As early as in 1948, the second virus isolation (Hanzalova strain) was achieved in Europe in the present-day Czech Republic (near Prague).16 The early 1950s played a special role in the history of TBE. In 1952, only a few years after the first virus isolation, a strain that was named “KEM I” was isolated in Hungary. Virus isolations were also achieved in Slovenia in 1953 and in Poland in 1954. In 1954, the first cases of TBE were reported on the island of Bornholm (Denmark). In the same year, TBEV was detected for the first time in Sweden. In Austria, the first TBEV isolates came from Styria in collaboration with Czechoslovak scientists in 1953. The Scharl strain, an isolate form the brain of a fatal human case, was isolated in Vienna, Austria in 1954. In 1958, the virus was detected for the first time in Slovakia. The Kumlinge strain was isolated in Finland in 1959.17,18 In divided Germany, the first virus isolation was achieved by scientists in the German Democratic Republic in the late 1950s.19 In addition, the first case of TBE in Norway was reported as late as 1997.20 In 2020, the virus and human cases were documented for the first time in the British Isles.21 Two years later, TBEV was detected for the first time outside of Europe and Asia on the African continent (Tunisia).22


Figure 4: Prof. Dr. Lev Alexandrovich Zilber (1894 – 1966)

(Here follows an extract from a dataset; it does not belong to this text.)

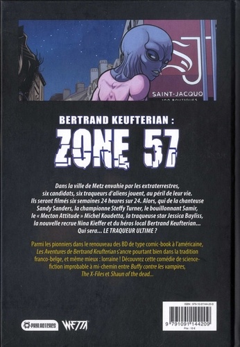 Dans la ville de Metz envahie par les extraterrestres, six candidats, six traqueurs d'aliens jouent, au péril de leur vie. Ils seront filmés six semaines 24 heures sur 24. Alors, qui de la chanteuse Sandy Sanders, la championne Steffy Turner, le bouillonnant Samir, le "Mecton Attitude" Michel Koudetta, la traqueuse star Jessica Bayliss, la nouvelle recrue Nina Kieffer et du héros local Bertrand Keufterian... Qui sera... LE TRAQUEUR ULTIME ? Parmi les pionniers dans le renouveau des BD de type comic-book à l'américaine, Les Aventures de Bertrand Keufterian s'ancre pourtant bien dans la tradition franco-belge, et même mieux : lorraine ! Découvrez cette comédie de science- fiction improbable à mi-chemin entre Buffy contre les vampires, The X-Files et Shaun of the dead...

(Source: “Lev Alexandrovich Zilber” written by his son L.L. Kisselev and E.S. Levina, The Publishing House “Science”, Series “Scientific biographies”)

In the Federal Republic of Germany, the Zimmern TBEV strain was isolated for the first time in the region of Lower Franconia in 1970.23, 24 French scientists successfully isolated a TBEV strain in Alsace in 1970.25 It was only in 2016 that the Netherlands reported the first autochthonous cases of TBE and the successful isolation of the Sallandse TBEV strain.26

The detection and natural transmission cycle of TBEV

The first expedition to the Russian Far East was led by Zilber in 1937 and provided first important information on the eco-epidemiology of TBEV within a few months. The causative agent was found to be a virus that was transmitted to a human host via the bite of an Ixodes persulcatus tick (Ixodidae family).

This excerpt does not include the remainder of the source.